Note from reader Ian Galpin :
"There is an RFC document about this, which can be found in all the usual places (try a "Google" search [MSK]). The reference is RFC 2550. However, the newer ISO 8601:2000 version now allows the Year data to be expanded beyond four digits. It also allows for BC dates by using a minus symbol as a prefix. For dates beyond AD 9999, a mandatory plus sign must be used as a prefix."

* The best action at this time is to set up a contingency plan. This is defined as "an alternative way to the way a business is usually run; a backup to normal methods so that a business can keep running, whatever the problem it is facing". This might include setting up a manual accounting system which can be used if the PC-based system fails.

* It may be possible to effect a quick fix on some equipment by setting it back to 1972 - that year shares two crucial features with 2000 : it's a leap year, and it started on a Saturday. Sadly, this is NOT possible on IBM-compatible PCs ! (Earliest possible date on these is 1980 January 1).

* By the way : most Y2K software expenditures are immediately tax-deductible for business.


What are the lessons learned from the current situation ?

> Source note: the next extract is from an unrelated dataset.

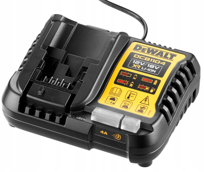 Dewalt DCB1104 to innowacyjna wielonapięciowa ładowarka, zaprojektowana specjalnie dla użytkowników elektronarzędzi akumulatorowych z serii Dewalt 18V i Dewalt 12V.

Current compliance activities have immense value for businesses because they :

* clarify operations by forcing inventories

* pinpoint vulnerabilities through assessment of critical functions

* institute definitive problem-solving codes and safety nets

* get businesses thinking about risk

* force businesses to think about how they actually function

* point out weaknesses in current business practices

The Y2K problem may foster a new ethical direction for society by :

* providing a convincing demonstration of how transparency and the open exchange of information can make business work better

* unifying disparate and isolated organisations or departments behind a common goal

* forcing international co-operation, such as the US and Russian defence "shared early warning centre" to preclude any Y2K glitches in their respective nuclear networks, and Telstra's international taskforce, whose mission it is to co-ordinate inter-carrier service continuity testing.

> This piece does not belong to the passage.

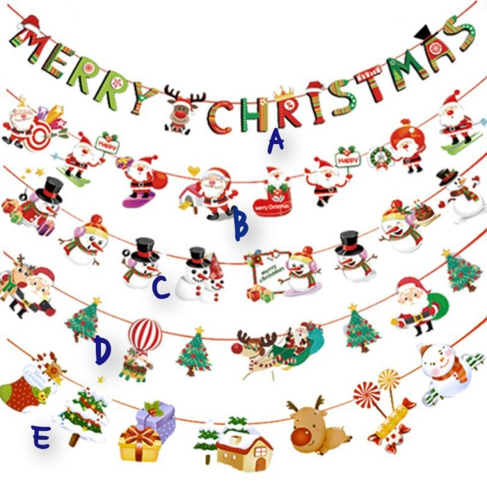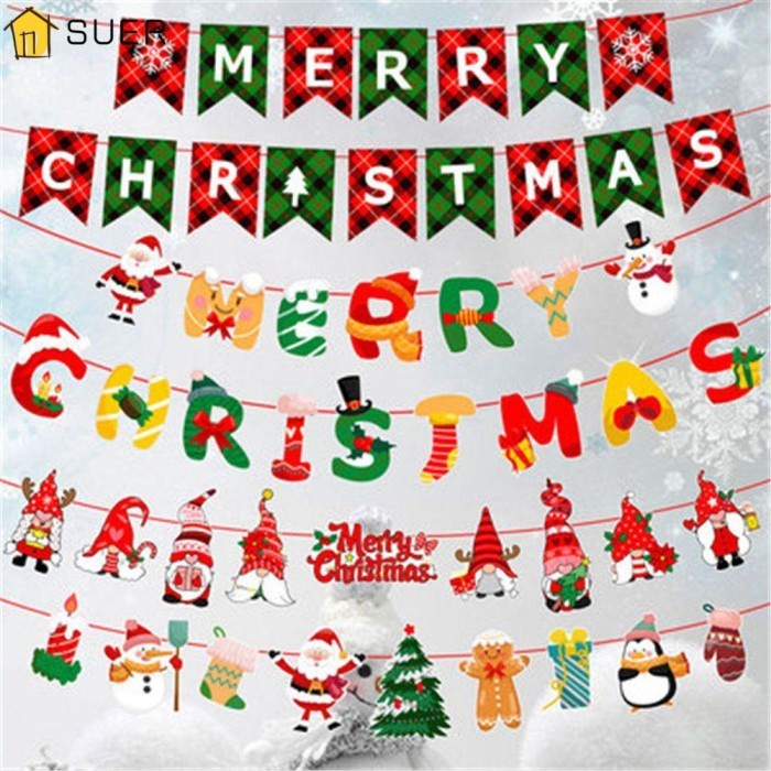 Bunting Flag Natal Garland Hiasan Dekorasi Banner Merry Christmas Santa Claus Snowman

If we are all still here on 2000 January 02 (or on Tuesday 2000 January 04), then it should be business as usual for most people !

Have a Happy New Year !

Many thanks to reader Ian Galpin, who is the new Editor for the ISO 8601 Standard section of the Open Directory Project (ODP) located at: http://dmoz.org/Science/Reference/Standards/Individual_Standards/ISO_8601/, and who contributed many important suggestions, additions and corrections.

IMPORTANT DISCLAIMER

This material is a guide to help to identify Y2K and related issues, but is not expected to be complete or authoritative. The author makes no express or implied warranties that this material will help its audience to identify or fix Y2K problems. The information contained here is accurate to the best of the author's knowledge. The author cannot and does not accept liability for any loss (including any financial loss) arising out of actions based on this information. The author is not a Y2K consultant, and is not able to assist with specific Y2K problems.